The theoretical and methodological basis of the research is represented by the scientific works of leading scientists in the field of corporate governance, as well as the author's interpretation of the impact of corporate governance on the economic development and growth of the state. In the research process, such methods as analysis and synthesis, the method of historical and logical modeling were used. As theoretical methods, the formalization method, the "from abstract to concrete" method, as well as the historical method and the method of economic interpretation are used in the work. From a practical point of view, the method of grouping statistical data, statistical and econometric analysis was also used in the study. corporate governance economic state

Keywords: corporate management, enterprise development, economic growth, effective management, development.

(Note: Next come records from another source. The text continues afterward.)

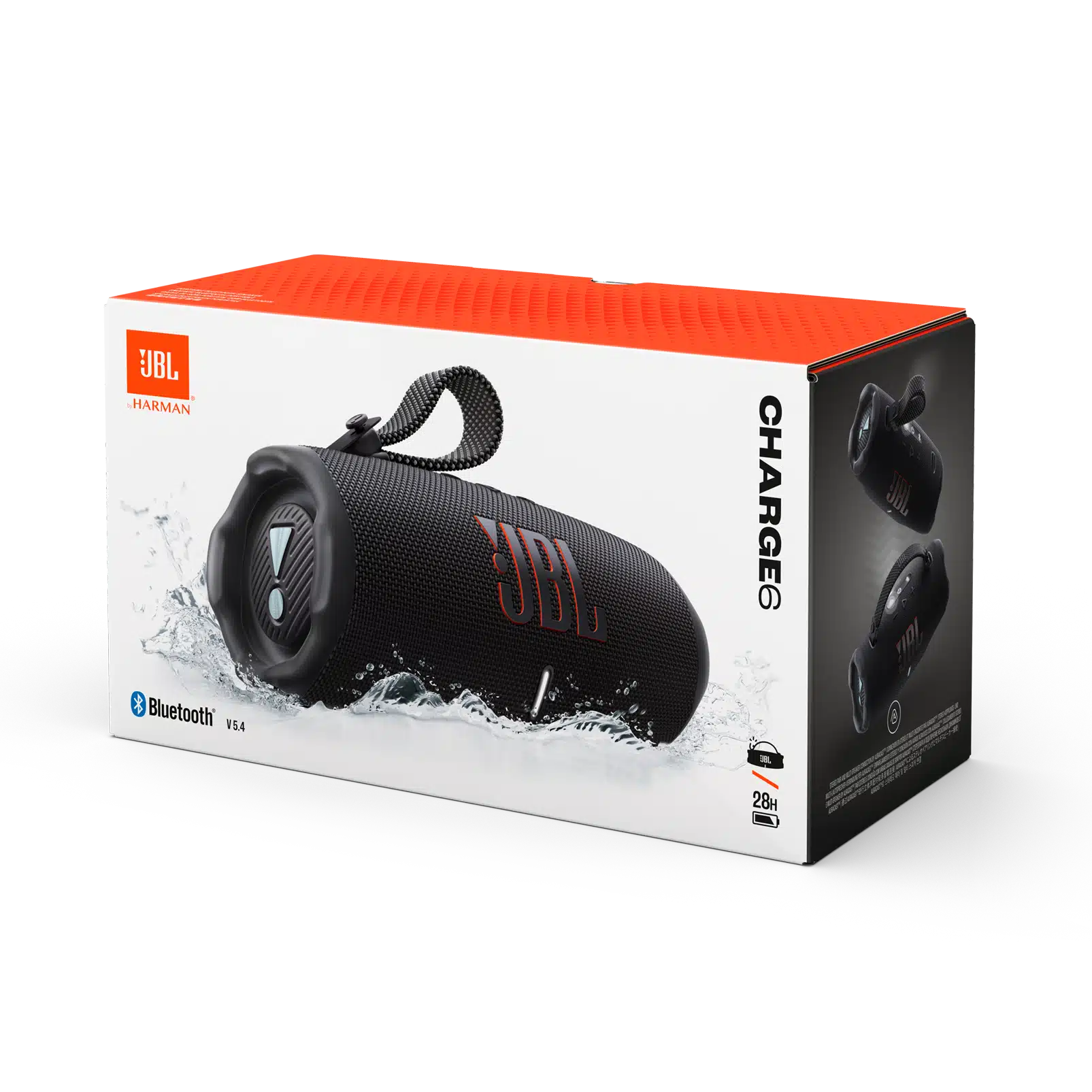Parlante JBL Charger 6 en color negro, con sonido potente y graves profundos para cualquier ocasión. Cuenta con batería de larga duración, conexión Bluetooth estable y función de carga para tus dispositivos. Resistente y portátil, ideal para fiestas, viajes y uso al aire libre.
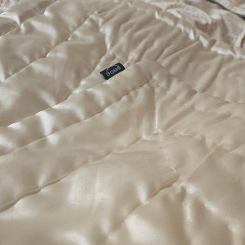 Lila sammetsöverkast från Linum för dubbelsäng
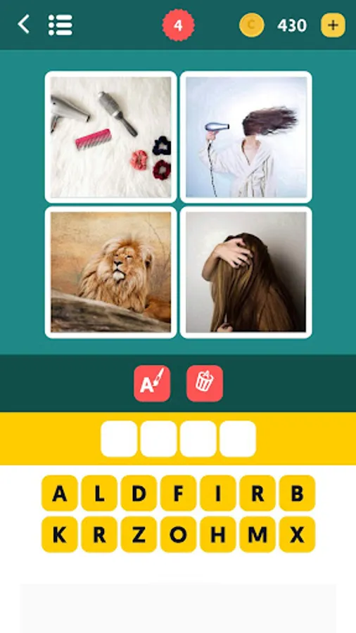 The rules of the game are simple. You are presented with 4 pictures and you have to guess the word that connects them. You can use the letters provided to form the word. If you're stuck, you can use coins to buy hints. The game becomes more challenging as you progress through the levels.
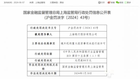 此外,值得一提的是,2024年6月7日,国家金融监督管理总局上海监管局发布了一张针对上海银行的罚单。上海银行由于境外机构重大投资事项未经行政许可被罚款80万元,作出处罚决定的日期是5月30日。
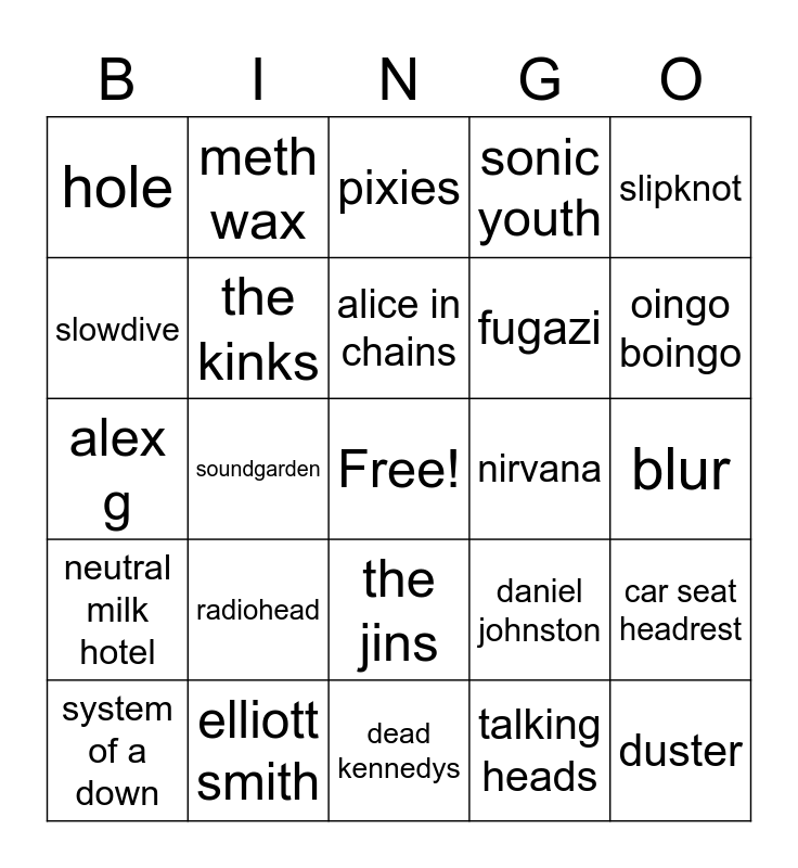 This bingo card has a free space and 24 words: radiohead, elliott smith, alice in chains, system of a down, slipknot, hole, slowdive, meth wax, nirvana, the jins, fugazi, alex g, daniel johnston, car seat headrest, the kinks, talking heads, blur, pixies, oingo boingo, soundgarden, duster, neutral milk hotel, sonic youth and dead kennedys.
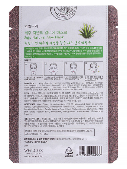 Welcos Co., LTD., 21-12, Toegyegongdan 1-gil, Chuncheon-si, Gangwon-do, Korea Маска на тканевой основе (для лица и тела) бренда Confume Aloe Mask. Содержит в себе увлажняющий компонент алоэ вера, который насытит сухую кожу живительной влагой и устранит небольшие недочеты, такие как акне, покраснения и раздражения. Помимо алоэ вера, маска богата натуральными органическими веществами.
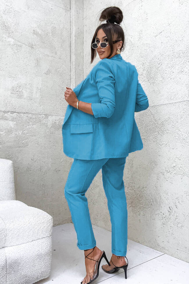 CIEMNO NIEBIESKI KOMPLET MARYNARKA+ SPODNIE
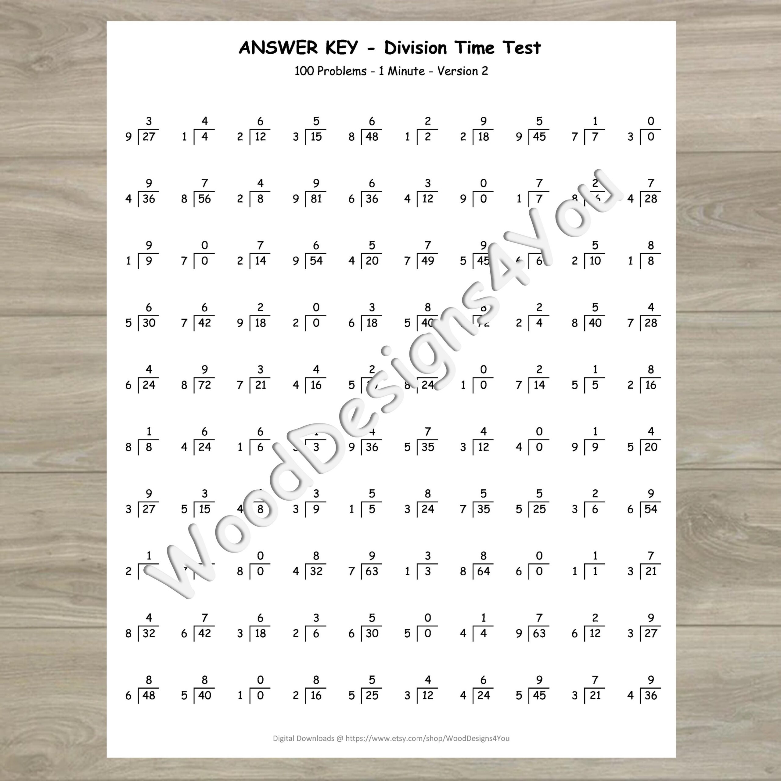 Division Worksheets Mad Math Minute Third And Fourth Grade
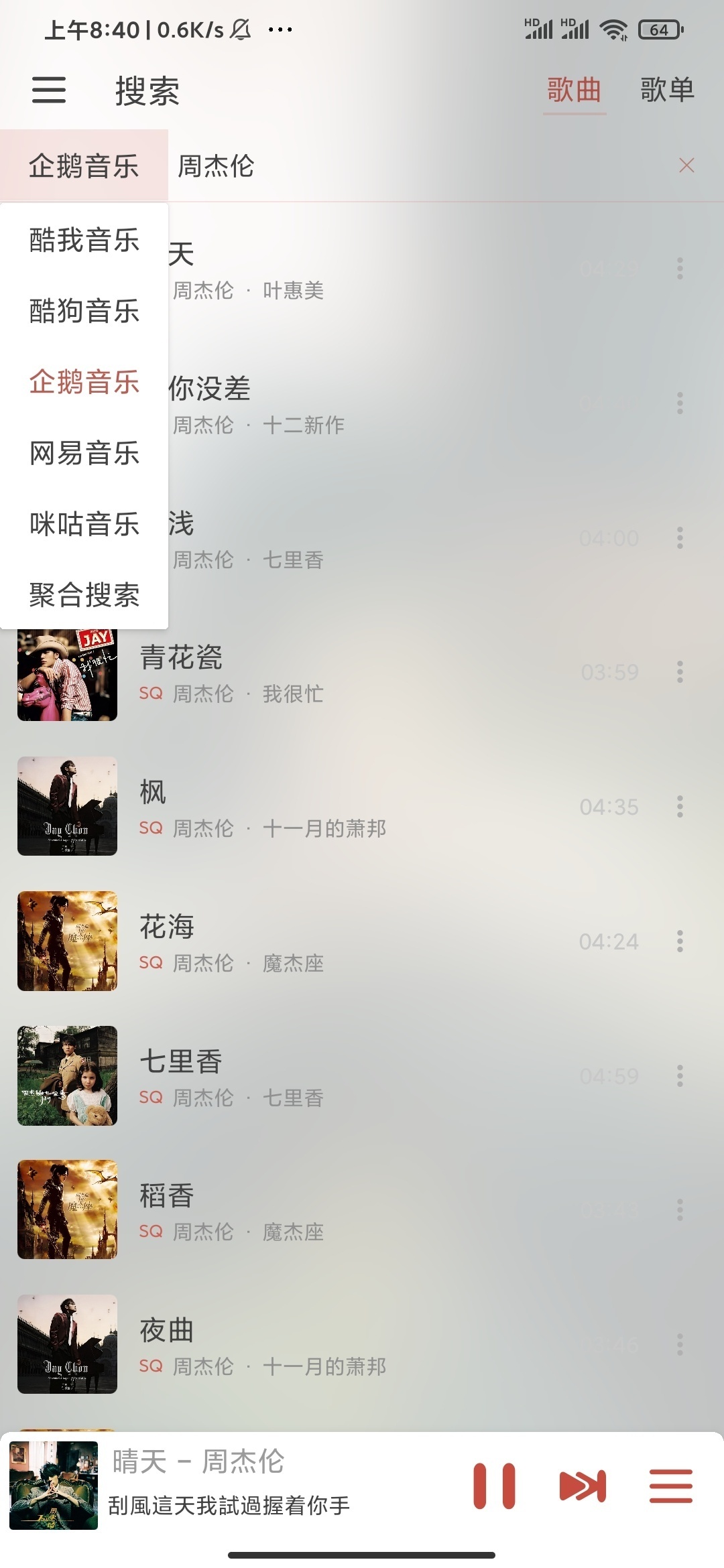 听歌及下载: 提供普通、高品质、无损APE、无损FLAC,臻品母带等多种音质

ВПЛИВ КОРПОРАТИВНОГО УПРАВЛІННЯ НА ЕКОНОМІЧНИЙ РОЗВИТОК ТА ЗРОСТАННЯ

Кришталь Галина Олександрівна

Міжрегіональна академія управління персоналом,

Київ, Україна

Мета статті полягає в виявленні впливу корпоративного управління на економічний розвиток та зростання держави. У статті запропоновані можливі конали зростання та розвитку корпоративного управління: хороше корпоративне управління може розширити доступ компаній до зовнішнього фінансування, що, своєю чергою, сприяє залученню нових інвестицій, вищим темпам економічного зростання та створення нових робочих місць; хороше корпоративне управління може знизити вартість капіталу та підвищити вартість компанії, роблячи інвестиції привабливішими, що веде до подальшого економічного зростання та збільшення зайнятості; ефективне управління підвищує операційну ефективність завдяки кращому розподілу ресурсів та вдосконалення менеджменту, допомагає більш рівномірного розподілу добробуту; ефективне корпоративне управління знижує ризик фінансової кризи, яка може спричинити руйнівні економічні та соціальні наслідки; ефективне корпоративне управління призводить до покращення взаємовідносин з усіма зацікавленими сторонами (стейкхолдерами) та, відповідно, поліпшення трудових відносин, а також створення умов для роботи над соціальними проблемами, зокрема, питаннями захисту довкілля.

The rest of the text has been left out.